Frequently Asked Questions

Common clinical questions about TAYTULLA vs ALYACEN 7/7/7, answered by our medical review team.

1. What is the main difference between TAYTULLA and ALYACEN 7/7/7?

TAYTULLA is a Oral Contraceptive that works by Combination of drospirenone, a spironolactone analog with antimineralocorticoid and antiandrogenic activity, and ethinyl estradiol, an estrogen. Suppresses gonadotropins, primarily luteinizing hormone, inhibiting ovulation. Increases cervical mucus viscosity and alters endometrial receptivity.. ALYACEN 7/7/7 is a Oral Contraceptive that works by Combination of norethindrone (progestin) and ethinyl estradiol (estrogen) that inhibits gonadotropin release from the pituitary, suppressing ovulation, increasing cervical mucus viscosity, and altering endometrial receptivity.. They differ in pharmacokinetic profiles, FDA-approved indications, and side effect profiles.

2. Which is stronger: TAYTULLA or ALYACEN 7/7/7?

Potency comparisons between TAYTULLA and ALYACEN 7/7/7 depend on the specific clinical indication. These are both Oral Contraceptive agents and are not directly interchangeable by dose. A physician or clinical pharmacist should guide any therapeutic switching decisions.

3. What is the standard dosing for TAYTULLA vs ALYACEN 7/7/7?

The standard adult dose of TAYTULLA is: One capsule orally once daily for 24 weeks.. The standard adult dose of ALYACEN 7/7/7 is: ALYACEN 7/7/7 is a combination oral contraceptive containing ethinyl estradiol 0.02 mg and drospirenone 3 mg.

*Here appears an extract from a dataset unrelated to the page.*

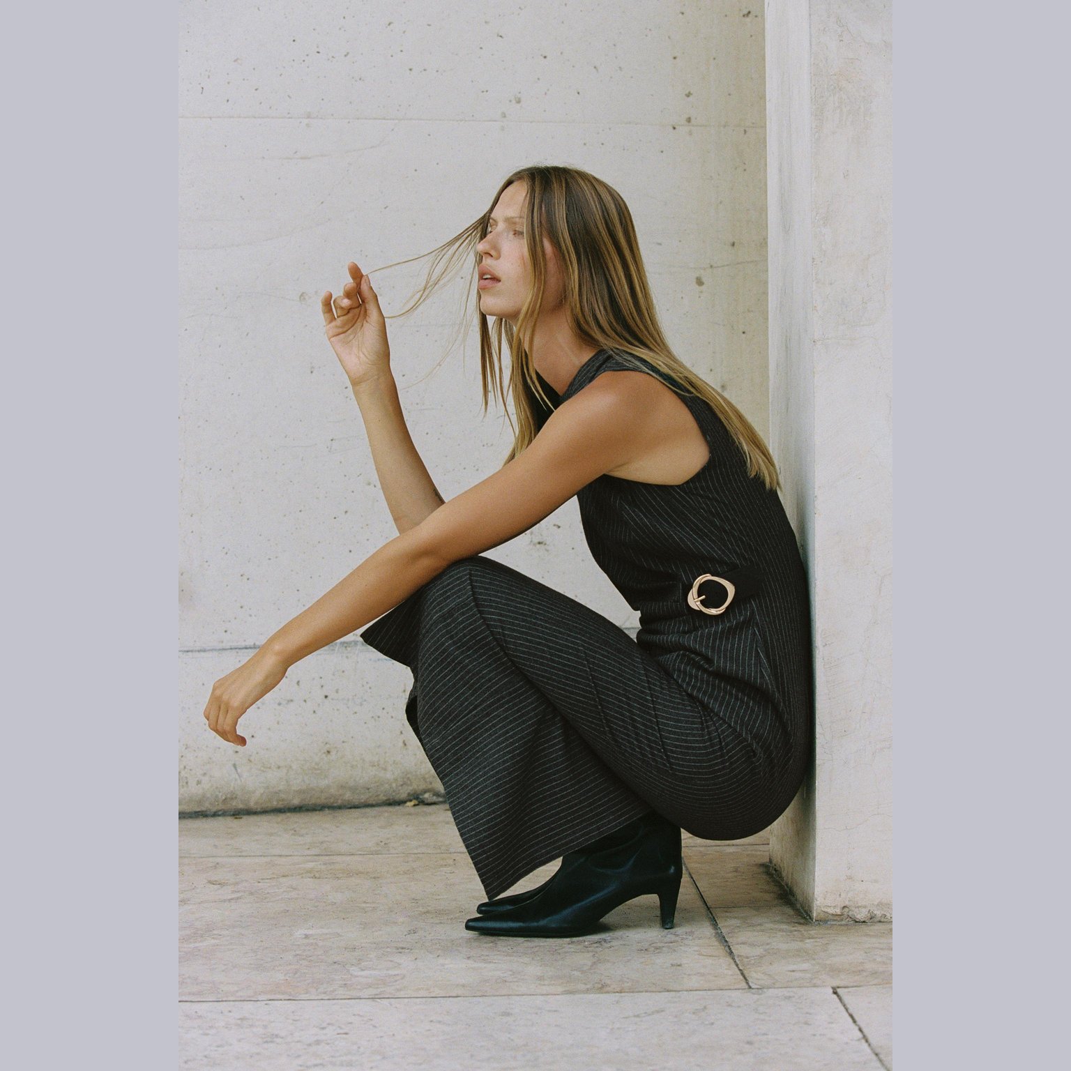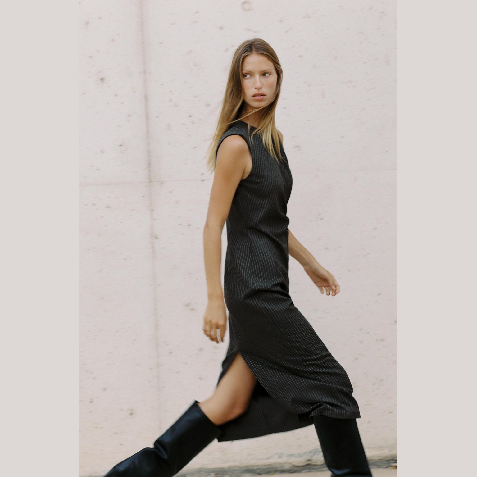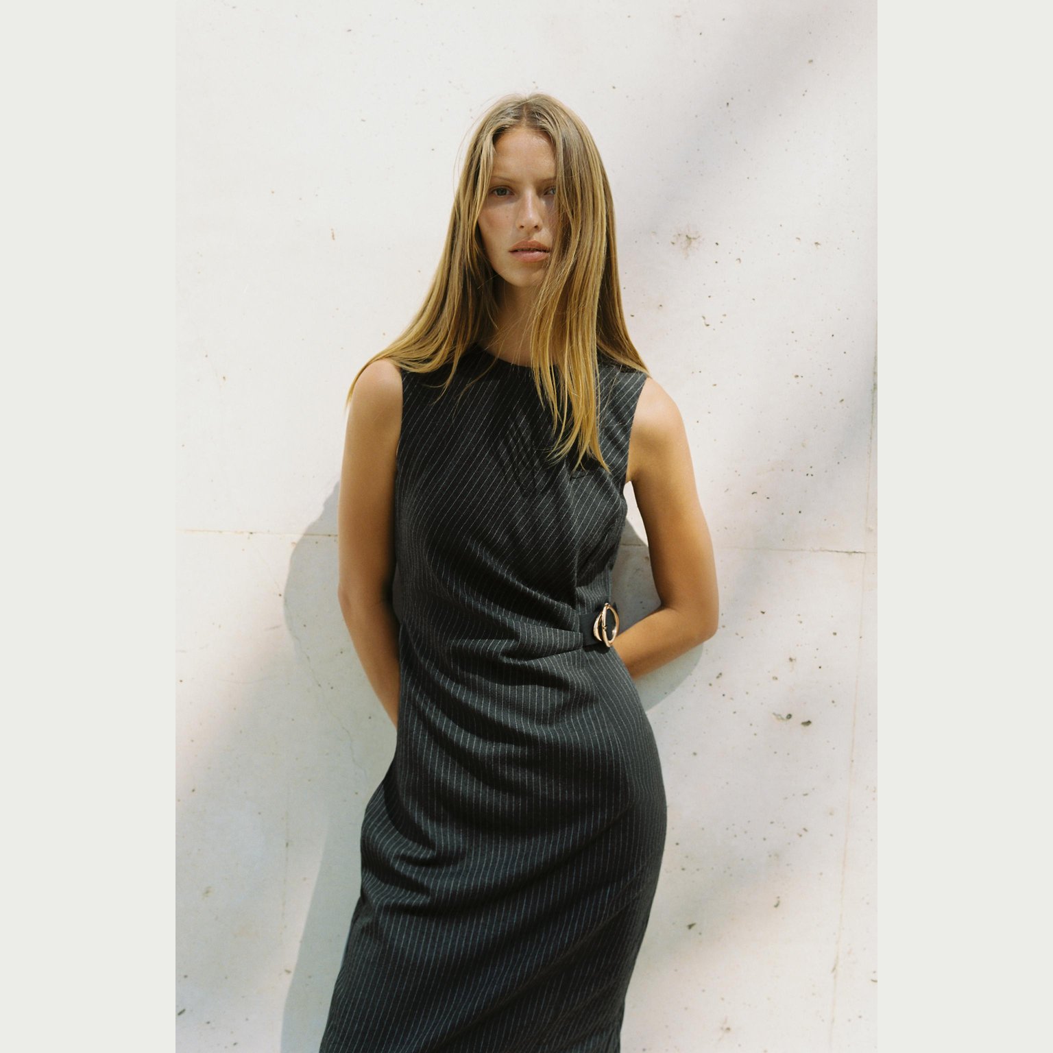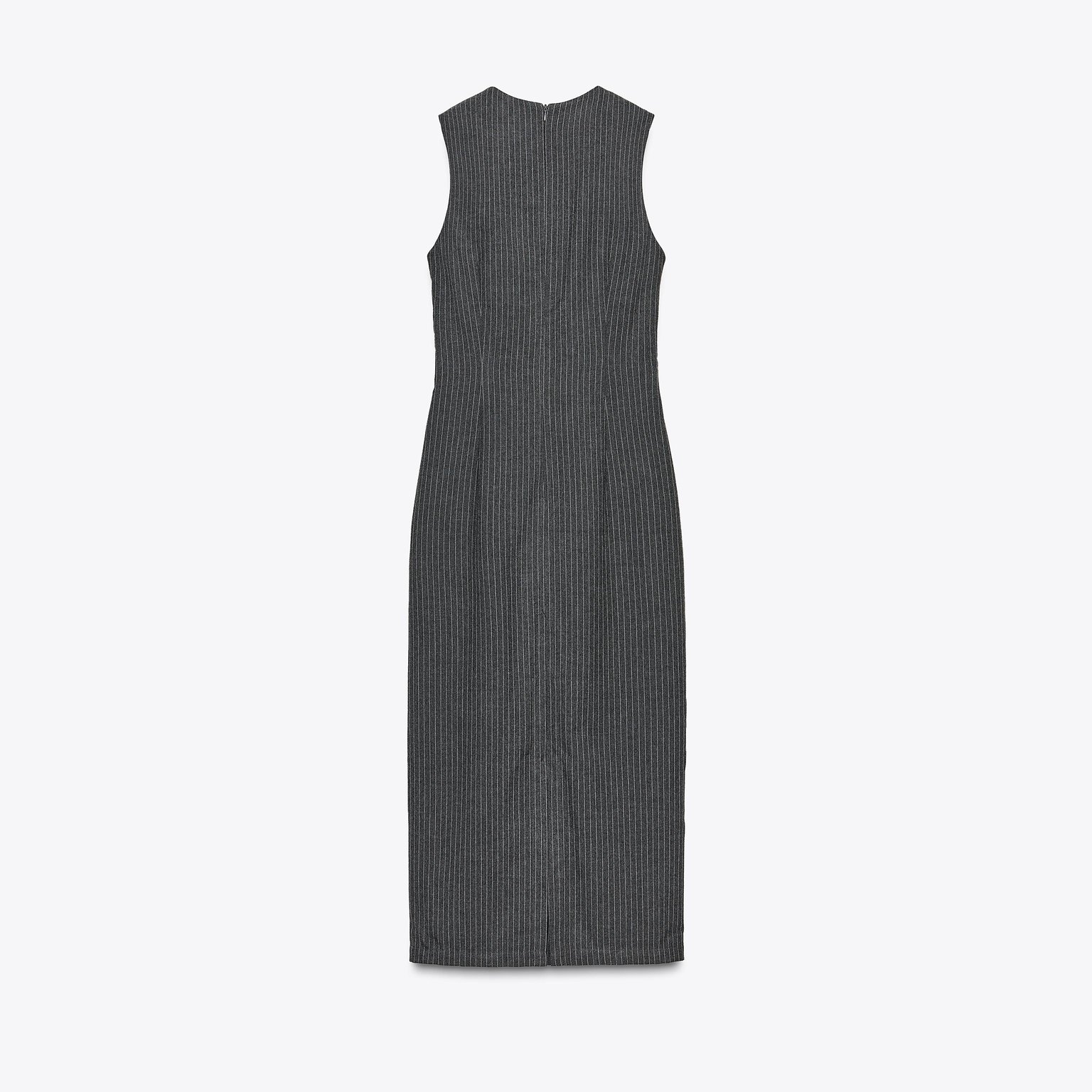 فستان ميدي مخطط مع إبزيم – لون طبيعي (رمادي) – Grey (Striped Midi Dress with Buckle) فستان أنيق بلون رمادي طبيعي، مصنوع من خامة محبوكة بخليط بوليستر وفيكسوز يمنح ملمسًا ناعمًا وانسيابية عملية. يتميز بياقة مستديرة بلا أكمام، مع إبزيم أمامي عند الخصر يضيف لمسة عصرية أنثوية، وحافة مستقيمة بطول ميدي مع شق خلفي. الإغلاق بسحاب مخفي في الخلف. قطعة مثالية للتنسيقات اليومية الكاجوال الأنيقة أو كإطلالة مكتبية راقية.

One tablet taken orally once daily for 28 days (7 active, 7 placebo, 7 active) without a hormone-free interval.. Dosing should always be individualized based on indication, renal and hepatic function, age, and other patient factors.

4. Can you take TAYTULLA and ALYACEN 7/7/7 together?

No direct drug-drug interaction has been formally documented between TAYTULLA and ALYACEN 7/7/7 in current clinical databases. However, individual patient risk factors including other medications, organ function, and comorbidities should always be evaluated by a qualified healthcare provider.

5. Are TAYTULLA and ALYACEN 7/7/7 safe during pregnancy?

The maternal-fetal safety profiles differ. TAYTULLA is classified as Category C. TAYTULLA (drospirenone/ethinyl estradiol) is contraindicated in pregnancy. First trimester: No increased risk of major birth defects from inadvertent use, but postmarketing studies. ALYACEN 7/7/7 is classified as Category C. ALYACEN 7/7/7 contains ethinylestradiol and norethindrone. First trimester: No increased risk of major birth defects based on epidemiologic studies; however, inadvertent use does n. Always consult a maternal-fetal medicine specialist before taking either drug during pregnancy or lactation.